> [Problem] Shown below is a listing with pictures; reproduce exactly, and only, the lines between the ones containing "Kód   02555  [Lokomotivy]" and "A kormányzati szektor", inclusive, leaving the pictures out.

> [Data records]
━━━━━━━━
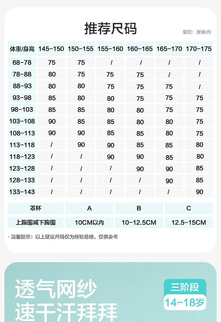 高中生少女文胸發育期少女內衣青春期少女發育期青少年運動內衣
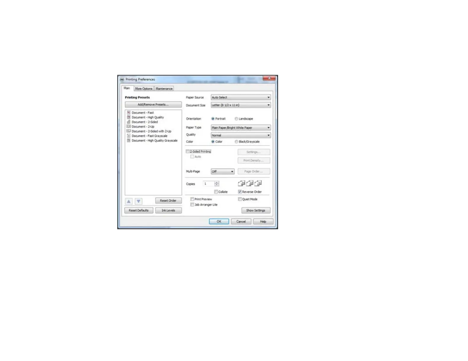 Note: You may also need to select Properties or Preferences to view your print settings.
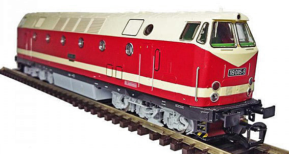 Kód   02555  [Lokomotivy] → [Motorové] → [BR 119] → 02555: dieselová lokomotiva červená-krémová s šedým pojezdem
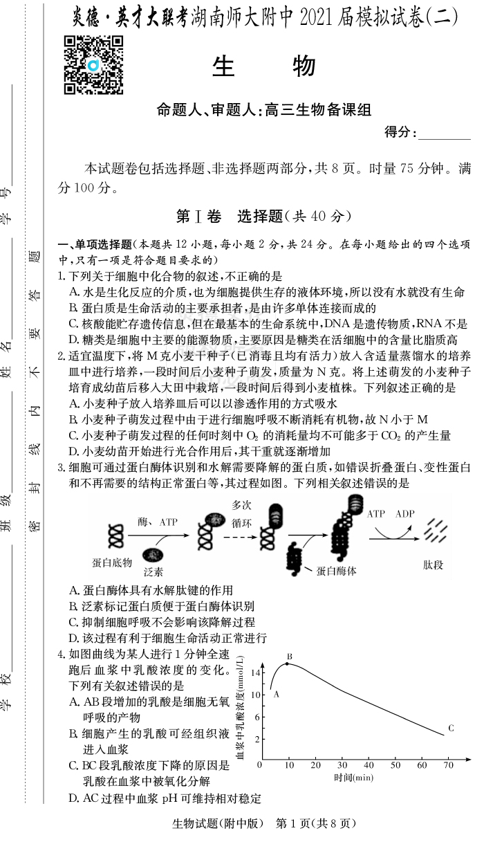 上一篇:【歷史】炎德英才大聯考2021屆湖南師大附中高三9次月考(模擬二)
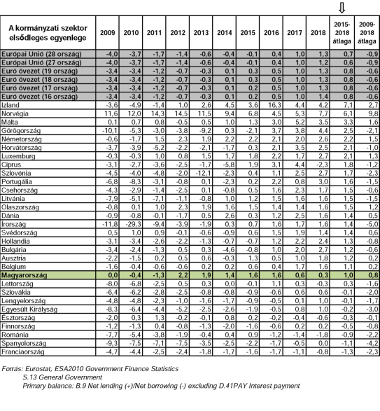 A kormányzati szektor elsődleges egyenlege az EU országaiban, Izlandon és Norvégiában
━━━━━━━━
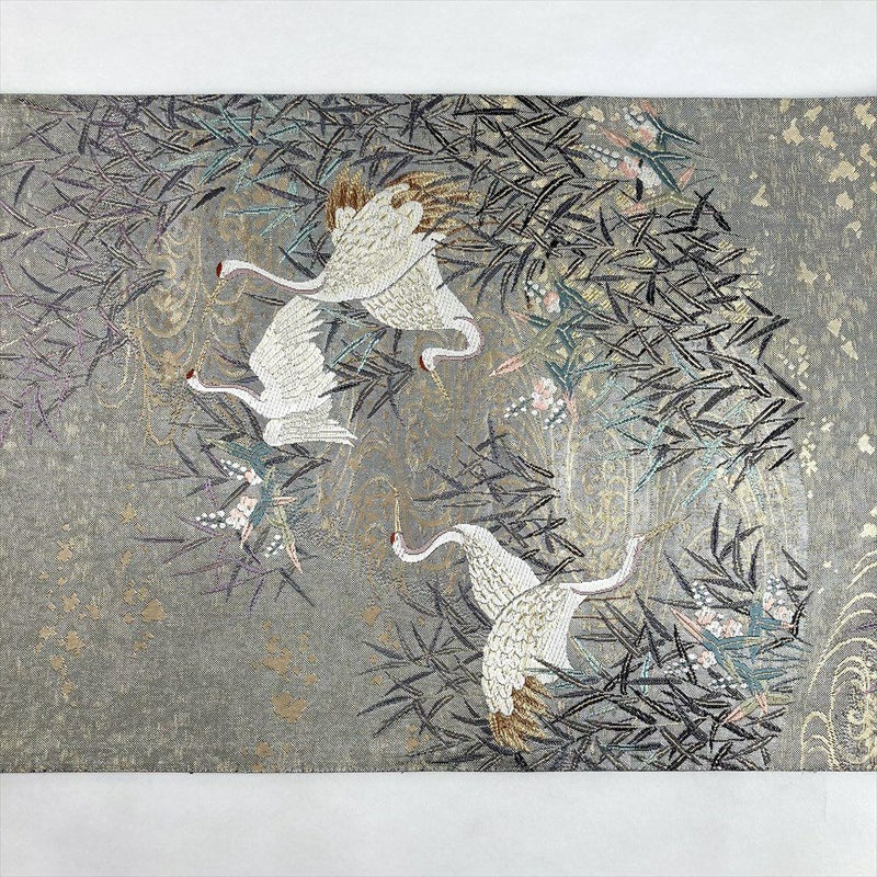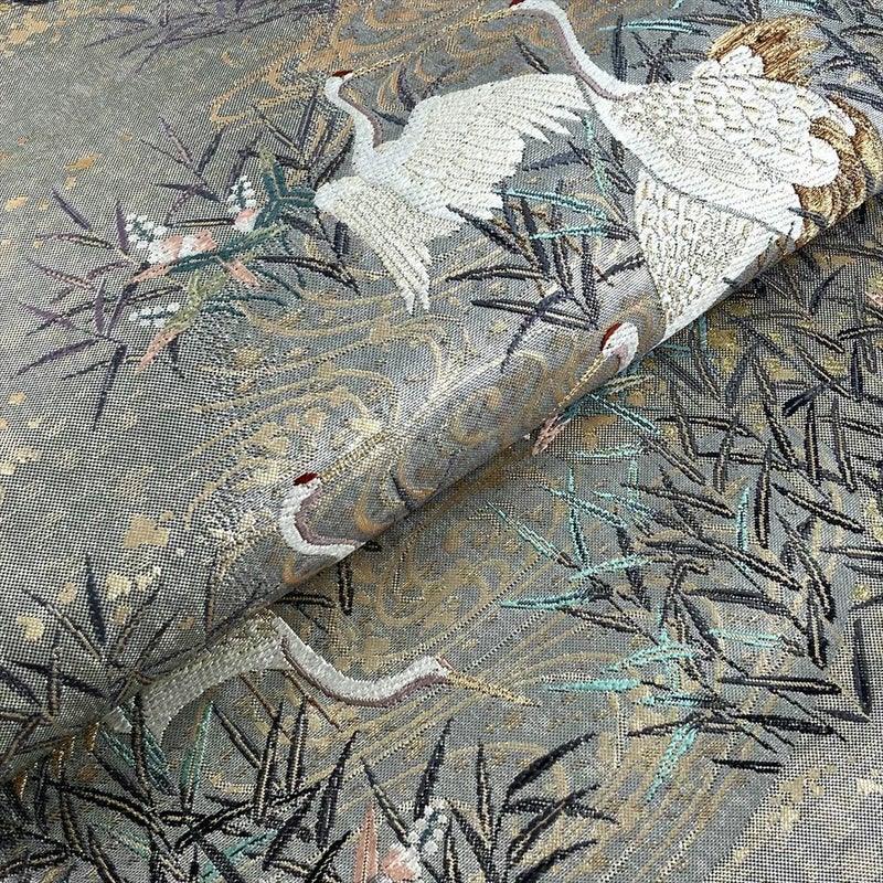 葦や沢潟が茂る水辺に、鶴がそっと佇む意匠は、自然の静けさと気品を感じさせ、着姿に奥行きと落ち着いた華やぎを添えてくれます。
━━━━━━━━
> [Response to the task]
 Kód   02555  [Lokomotivy] → [Motorové] → [BR 119] → 02555: dieselová lokomotiva červená-krémová s šedým pojezdem
 上一篇:【歷史】炎德英才大聯考2021屆湖南師大附中高三9次月考(模擬二)
 A kormányzati szektor elsődleges egyenlege az EU országaiban, Izlandon és Norvégiában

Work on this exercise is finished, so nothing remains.